#### [Exercise prompt]
From the first line of the material to the line containing "Pour la première", inclusive, write out each line exactly, leaving out the pictures.

#### [Available data]

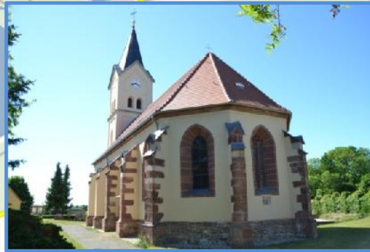
Orgelmatinee in Großpötschau an der sanierten Poppe-Organ der Auferstehungskirche
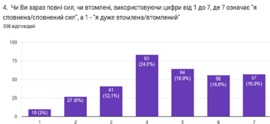
Рис. 2. Стан опитаних перед початком заходу
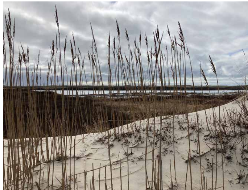
Riet op het duin, maart 2021, Terschelling paal 15-20.
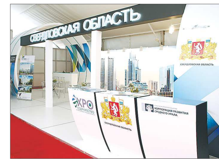
Информационный стенд Среднего Урала в Сочи
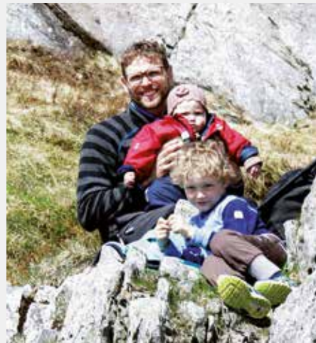
FOR ALLE GENERASJONAR: Aldersforskjellen på deltakarane var på over 90 år.
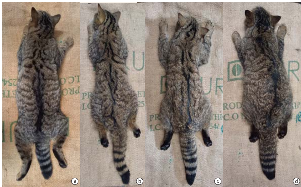
FIGUUR 4 Hybridisatie blijkt fenotypisch moeilijk vast te stellen. Hierbij enkele voorbeelden van de genetisch bemonsterde dieren uit deze studie. a: F1 hybride WK23-5-F; b: Wilde kat WK23-6-M; c: Wilde kat WK23-7-M; d: Backcross Wilde kat WK23-8-M.
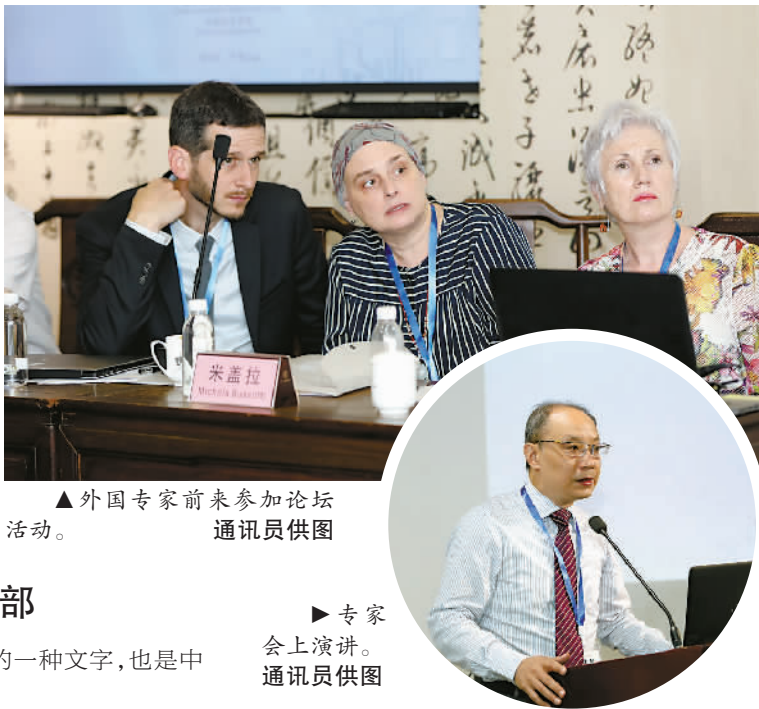
▲外国专家前来参加论坛活动。
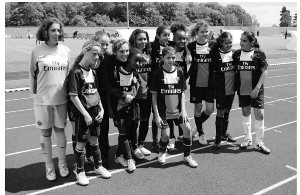
Pour la première fois, les organisateurs du Challenge des étoiles ont réussi à faire venir une équipe féminine, celle du PSG.
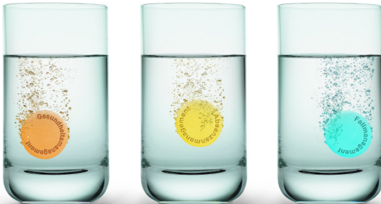
Il principio dei tre pilastri.

* Fonte: Ufficio federale di statistica Hans Zeltner, Absenzenmanagement Baldegger Verlag Aarau (2003)
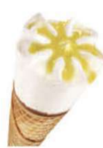
CONO LIMÓN 1 Ref.: 00517 110ml
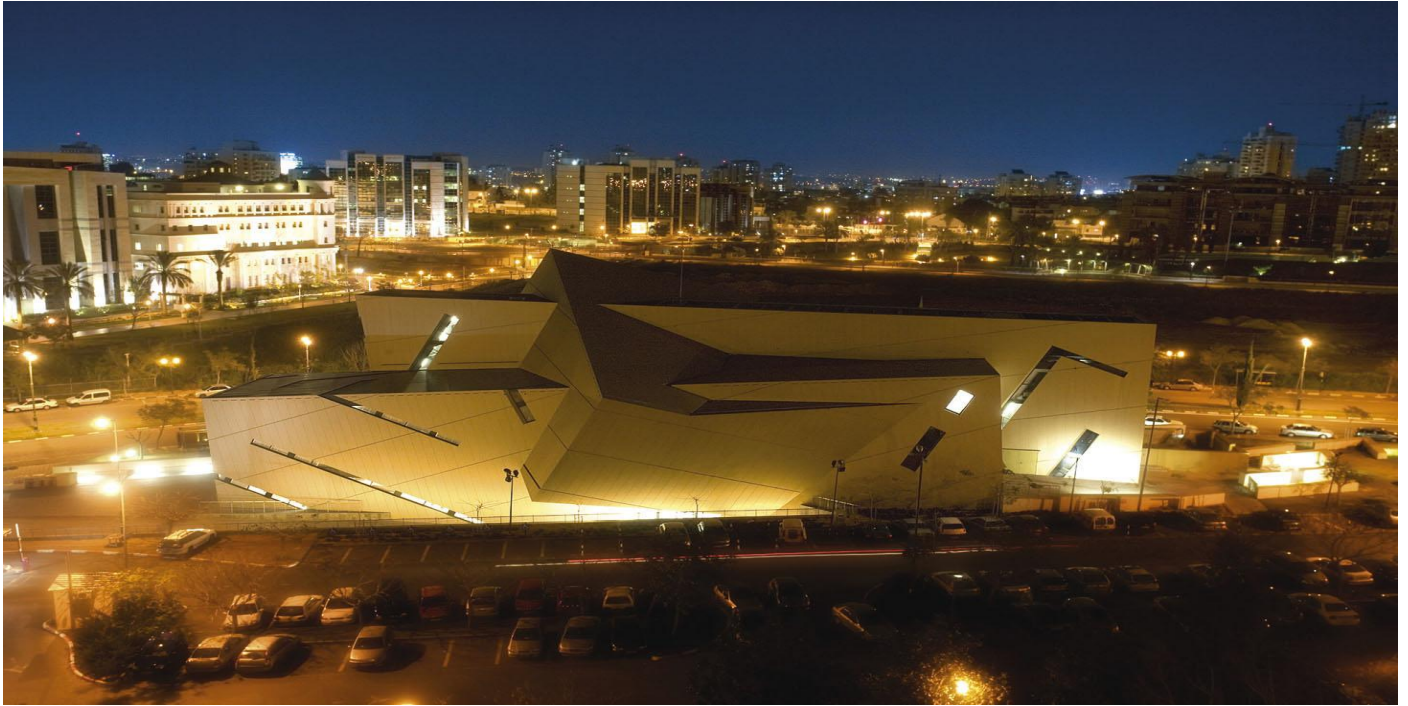
The Wohl Center Bar-Ilan University

#### [Answer section]
Orgelmatinee in Großpötschau an der sanierten Poppe-Organ der Auferstehungskirche
Рис. 2. Стан опитаних перед початком заходу
Riet op het duin, maart 2021, Terschelling paal 15-20.
Информационный стенд Среднего Урала в Сочи
FOR ALLE GENERASJONAR: Aldersforskjellen på deltakarane var på over 90 år.
FIGUUR 4 Hybridisatie blijkt fenotypisch moeilijk vast te stellen. Hierbij enkele voorbeelden van de genetisch bemonsterde dieren uit deze studie. a: F1 hybride WK23-5-F; b: Wilde kat WK23-6-M; c: Wilde kat WK23-7-M; d: Backcross Wilde kat WK23-8-M.
▲外国专家前来参加论坛活动。
Pour la première fois, les organisateurs du Challenge des étoiles ont réussi à faire venir une équipe féminine, celle du PSG.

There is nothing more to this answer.